Parsing AJAX web pages using PyKHTML
I needed to parse data from a series of web pages, usually i would have used CURL to download the page and then used regular expressions to extract the data i was interested in. But the page i was going to parse was using AJAX to reload part of the page (when you clicked the ‘next page’) and did not provide a unique url to that page, which made my regular method pretty useless (since to use AJAX we need a Java Script Interpreter).
A solution to the problem that seemed a bit more challenging than using CURL and regular expressions, and which would be able to handle AJAX, was to program an existing web browser to visit the page and fetch the data from the web browser itself. I had programmed for KHTML before so i looked into if this was possible and found that Paul Giannaros had solved most of my problems. He had created PyKHTML:
PyKHTML is a Python module for writing website scrapers/spiders. Whereas traditional methods focus on writing the code to parse HTML/forms themselves, PyKHTML uses the excellent KHTML engine to do all the trudge work. It therefore handles web pages very well (even the severely crufty ones) and is pretty darn fast (implemented in C++). As a bonus, the module handles JavaScript and cookies transparently. Hurrah!

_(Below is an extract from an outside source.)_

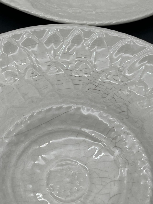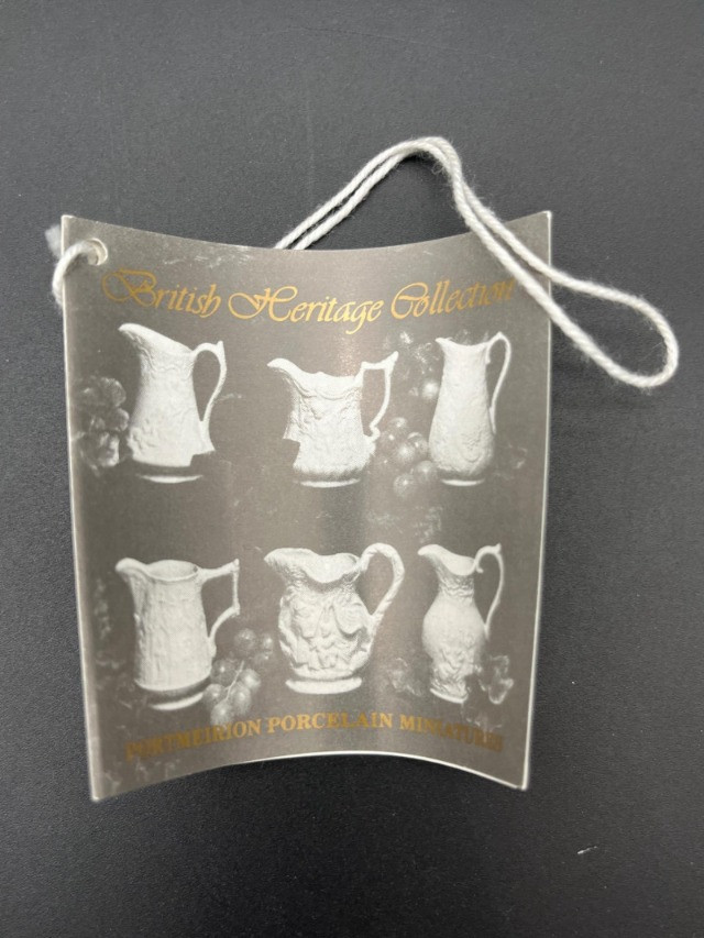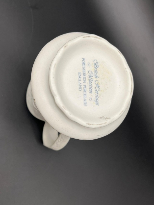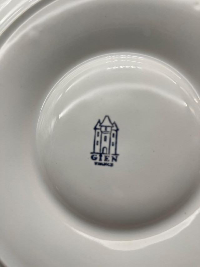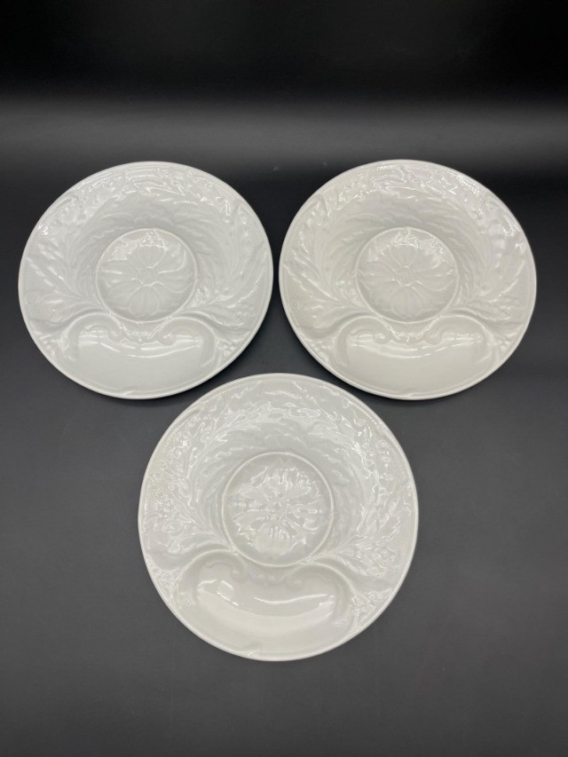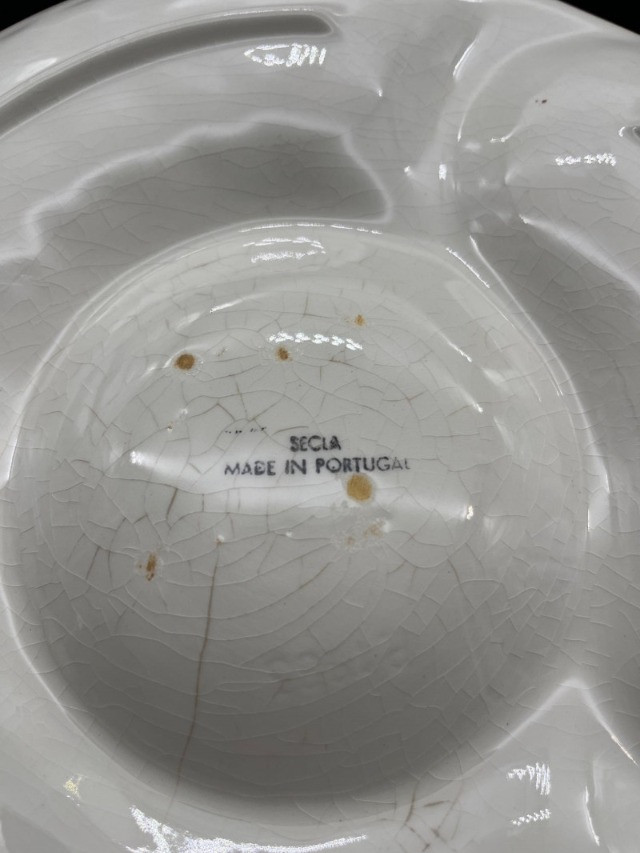 5 White Artichoke Plates by Gien & Secla and Small Portmerion Pitcher The plates are approximately 9" and one of the Secla Portugal plates has heavy crazing on the back. The pitcher is 4" tall and has scuffs that I try to show in photos.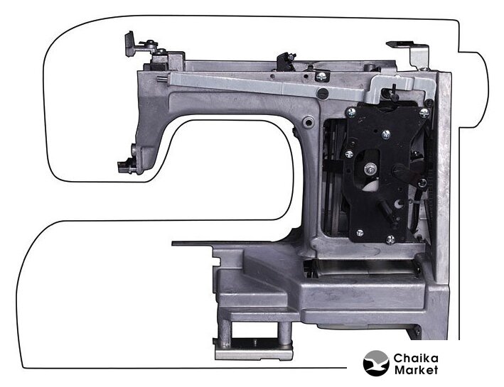 электромеханическая, вертикальный качающийся челнок, полуавтоматическое выполнение петли, швейные операции: имитация оверлочной строчки/потайная строчка/трикотажная строчка/декоративная строчка

As an example for this post I decided to parse a digg article to find out who digged it. To understand the could you should know that KHTML uses a event driven programming model. This is my test program:
import sys
sys.path.append("..")
import pykhtml
# Setting debugWithGUI to true will give us the KHTML browser in a window.
pykhtml.debugWithGUI = False
def processPage(browser, currentPage):
# Check if the next button is loaded
result = list(browser.document.getElementsByClass("nextprev", "a"))
if (len(result) < 1):
print "Next button not loaded"
pykhtml.timer(0.5, pykhtml.partial(processPage, browser, currentPage))
return
# Get next page
nextprev = result[0]
nextPage = int(nextprev['onclick'].split(",")[1])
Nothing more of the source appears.